MazenAmria OP t1_izrgk9j wrote
Reply to comment by suflaj in Advices for Deep Learning Research on SWIN Transformer and Knowledge Distillation by MazenAmria
I'm already using a pretrained model as the teacher model. But the distillation part itself has nearly the cost of training a model. I'm not insisting but I feel like I'm doing something wrong and needed some advices (note that I've only had theoritical experience in such areas of research, this is the first time I'm doing it practically).
Thanks for you comments.
MazenAmria OP t1_izpii1s wrote
Reply to comment by sqweeeeeeeeeeeeeeeps in Advices for Deep Learning Research on SWIN Transformer and Knowledge Distillation by MazenAmria
To examine SWIN itself whether it's overparameterized or not.
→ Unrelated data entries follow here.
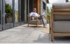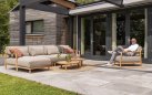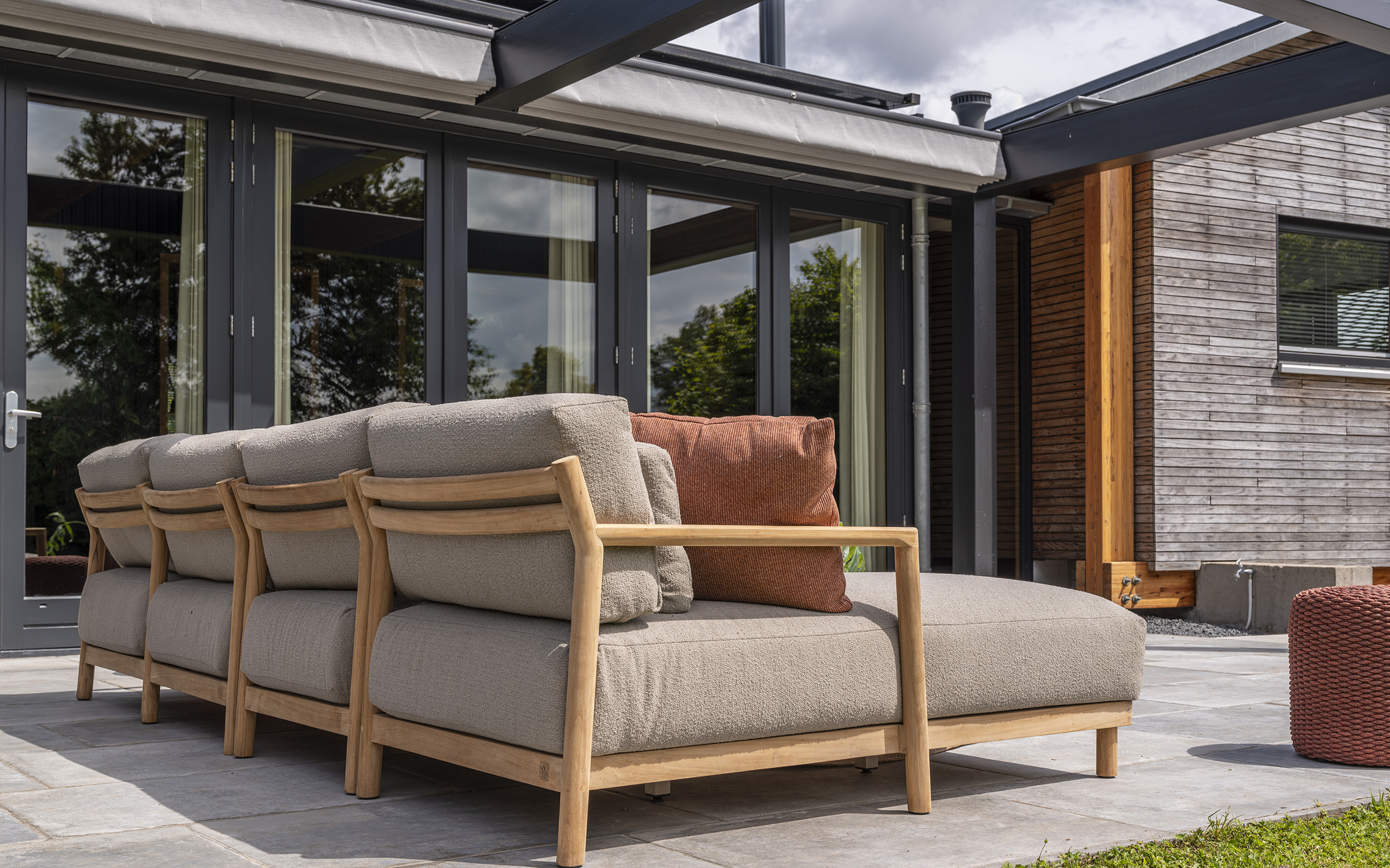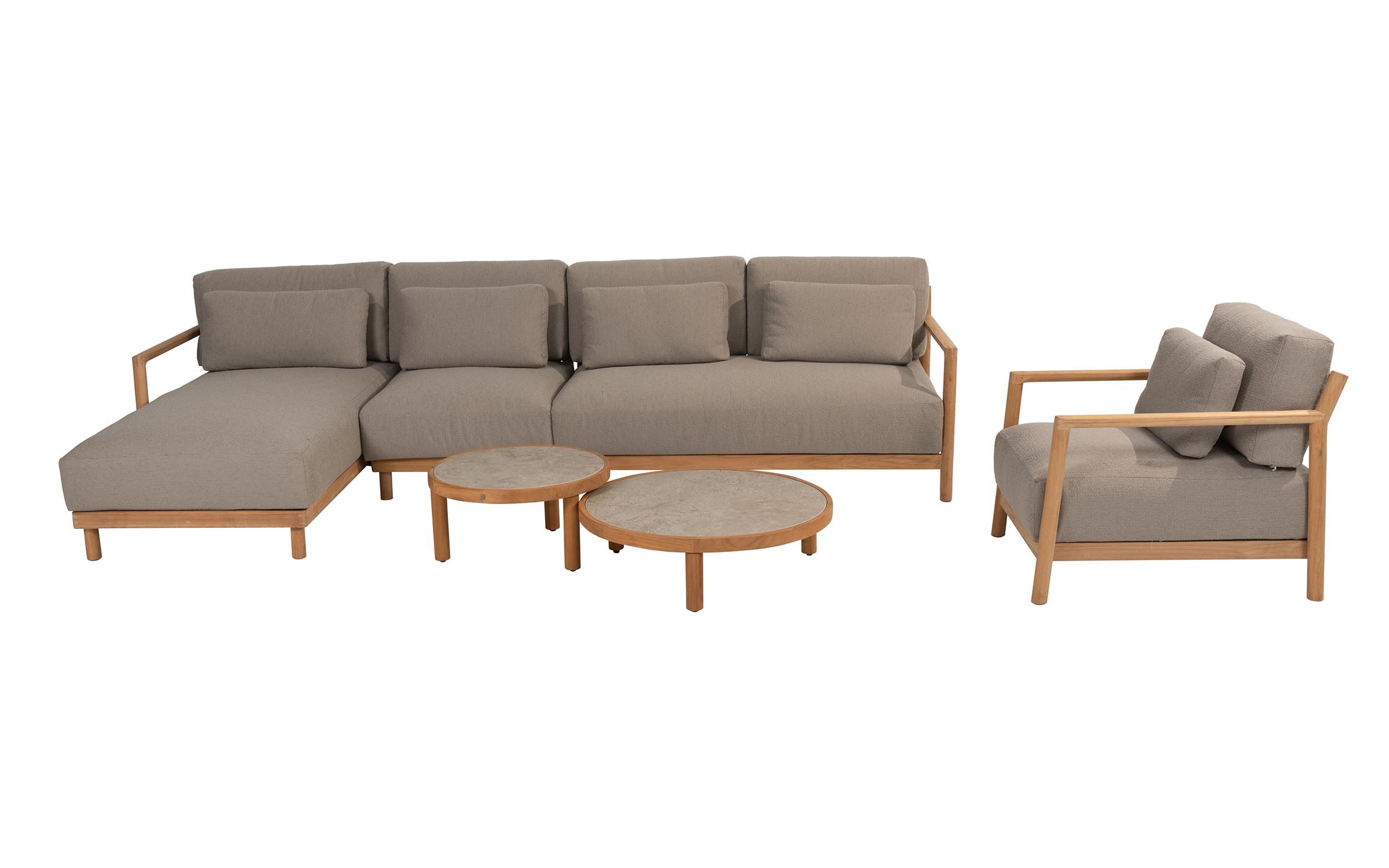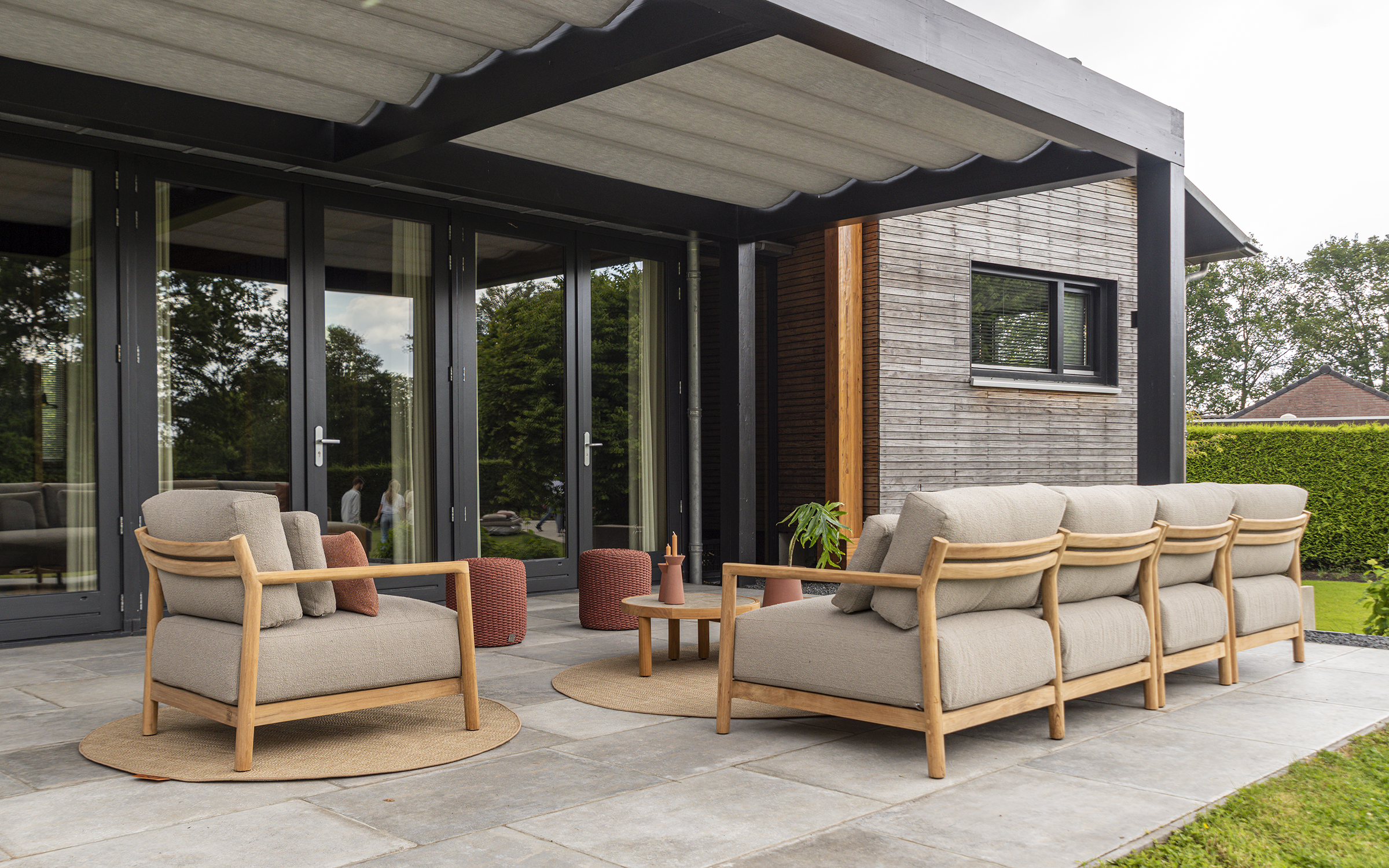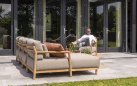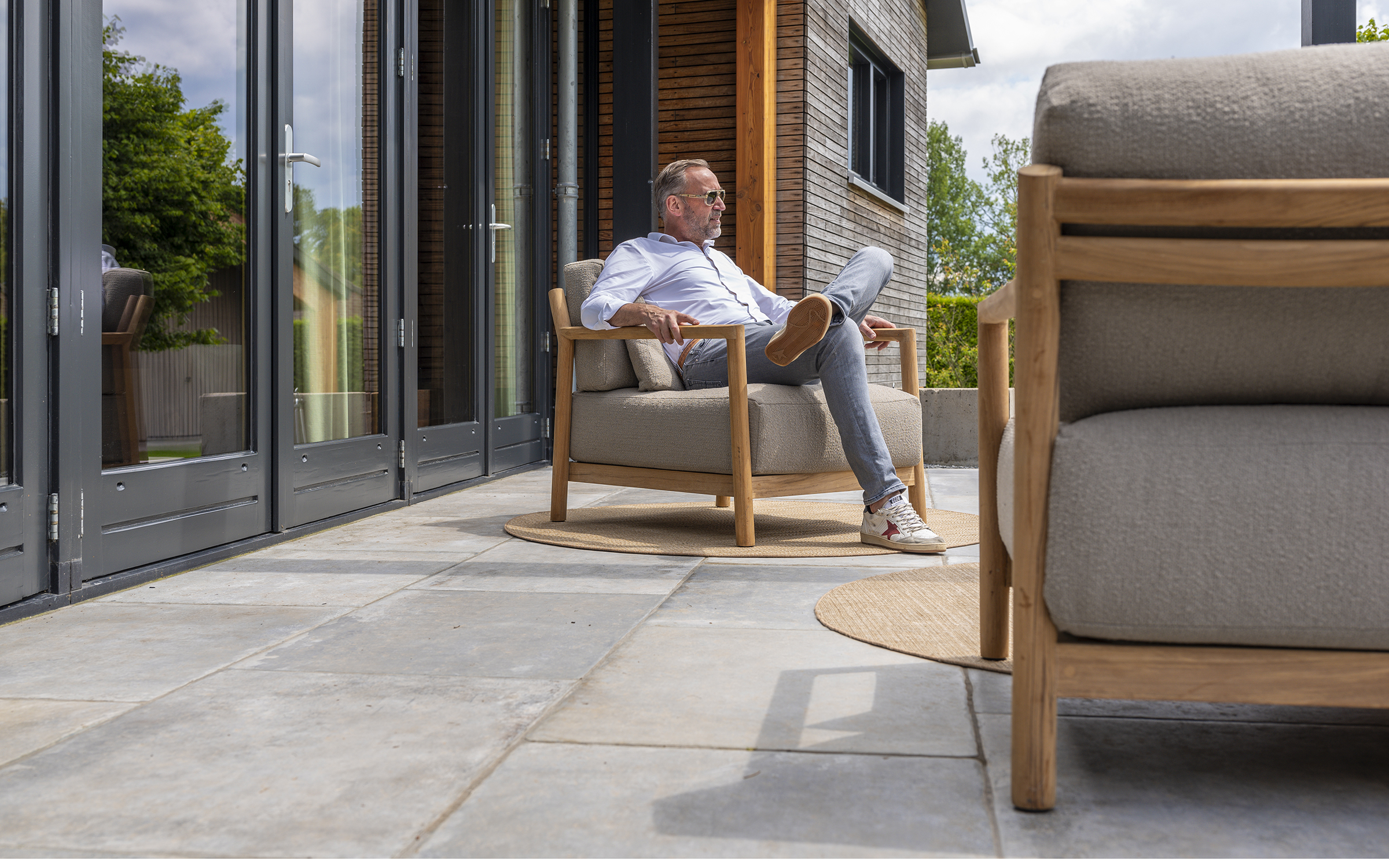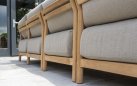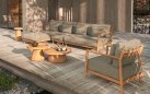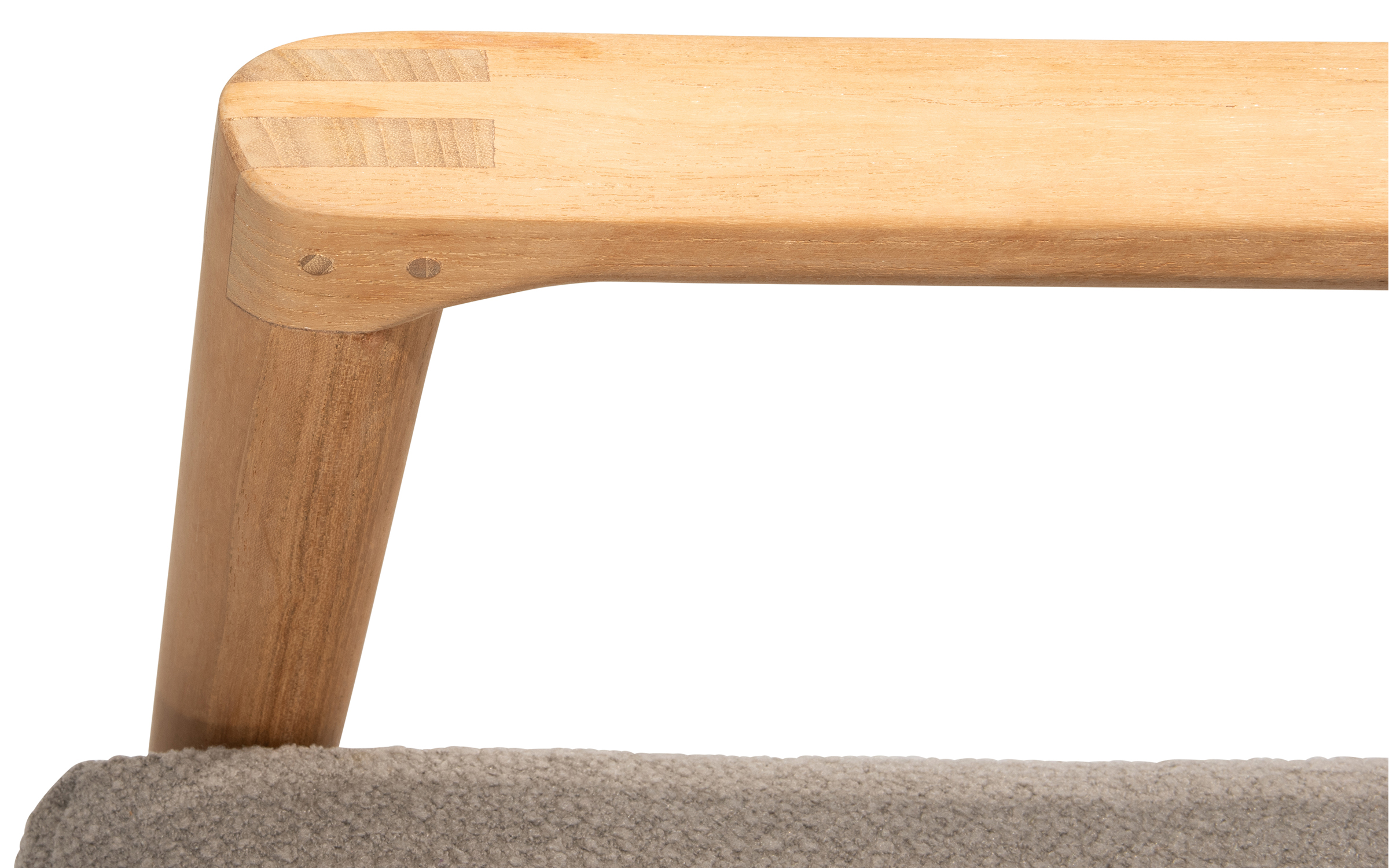 Fotel Marie z naturalnego drewna tekowego od 4 Seasons Outdoor. Stylowy fotel wypoczynkowy wyróżnia się pięknie wykończoną ramą z drewna tekowego oraz obszernymi, wyjątkowo grubymi poduszkami z tapicerką Bouclé. Dzięki temu fotel zapewnia najwyższy komfort na tarasie.
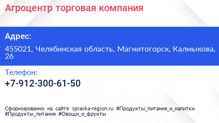 Агроцентр, торговая компания по адресу 455021, Челябинская область, Магнитогорск, Калмыкова, 26 в дальнейшем Организация, размещена в следующих категориях:
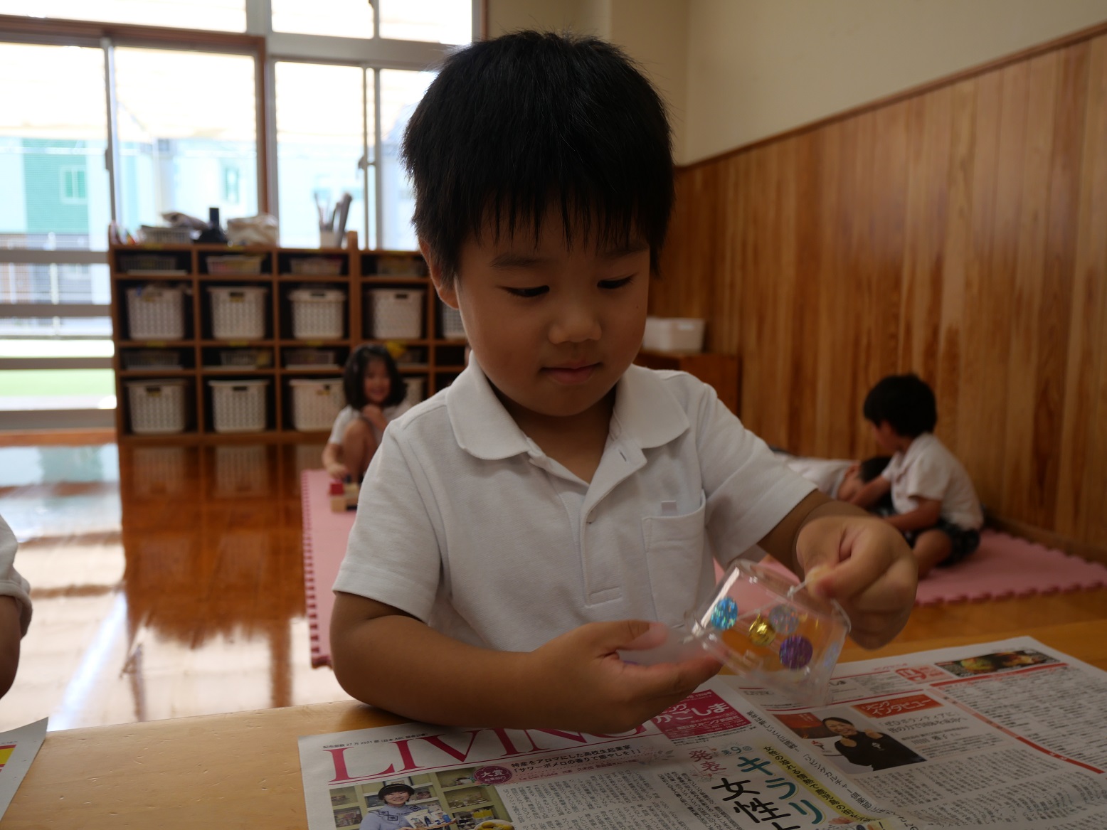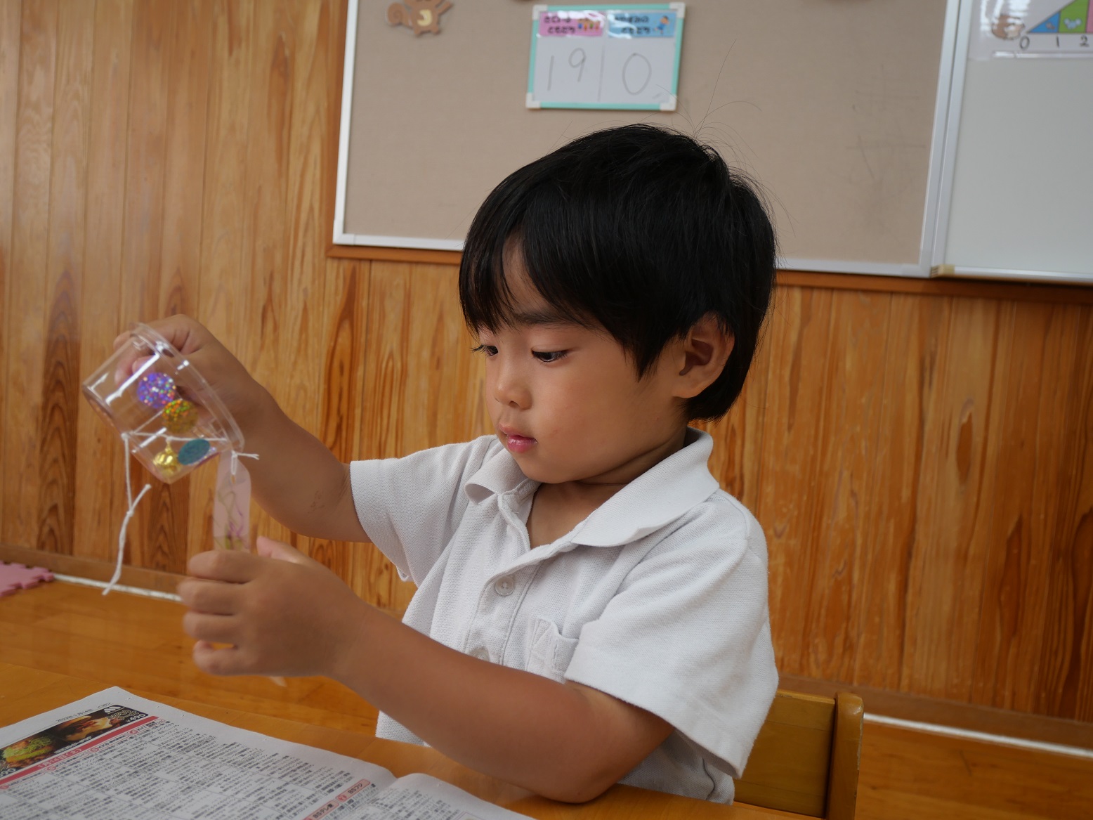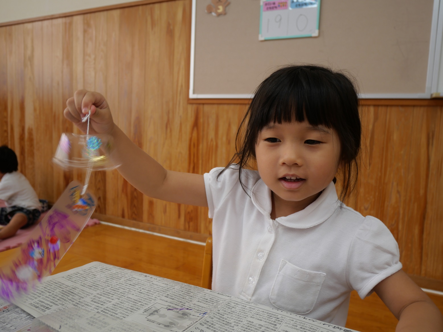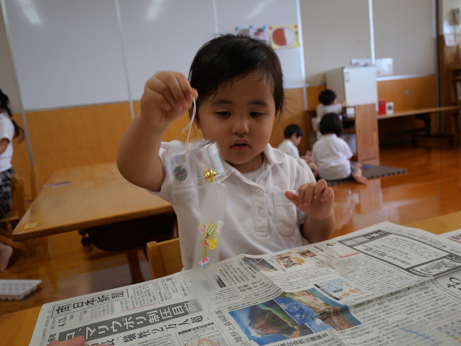 「わあー、聞こえるよ。」「もっともっと鳴らしてみよう!」と、自分の作った風鈴から聞こえる鈴の音に大興奮のりす組さんでした。
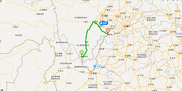 方案二:S310公路、京昆线公路、巧蒙线公路、昭巧二级公路公路、迎宾大道公路、昭待二级公路公路、麻水线公路、盐连路公路、真武路公路、S206公路、S309公路、S308公路、宜珙路公路,用时17小时4分钟,共659公里。(不走高速,不用过路费)

MazenAmria OP t1_izonquh wrote
Reply to comment by suflaj in Advices for Deep Learning Research on SWIN Transformer and Knowledge Distillation by MazenAmria
That's sad; I'm starting to believe that this research idea is impractical or, maybe more accurately, overly ambitious.
MazenAmria OP t1_izon556 wrote
Reply to comment by sqweeeeeeeeeeeeeeeps in Advices for Deep Learning Research on SWIN Transformer and Knowledge Distillation by MazenAmria
> I would expect it to perform more similarly to the full SWIN model on citar-10 because less data complexity.
And that's the problem. If I got say 98% accuracy on CIFAR-10 using SWIN-Tiny and then got the same 98% with a smaller model then I'm not proving anything. There are many simple models that can get 98% on CIFAR-10 so what improvement did I introduce to the SWIN-Tiny? But doing the same thing with ImageNet would be different.
MazenAmria OP t1_izt68w9 wrote
Reply to comment by suflaj in Advices for Deep Learning Research on SWIN Transformer and Knowledge Distillation by MazenAmria
I'm using
with torch.no_grad():
when calculating the output of the teacher model.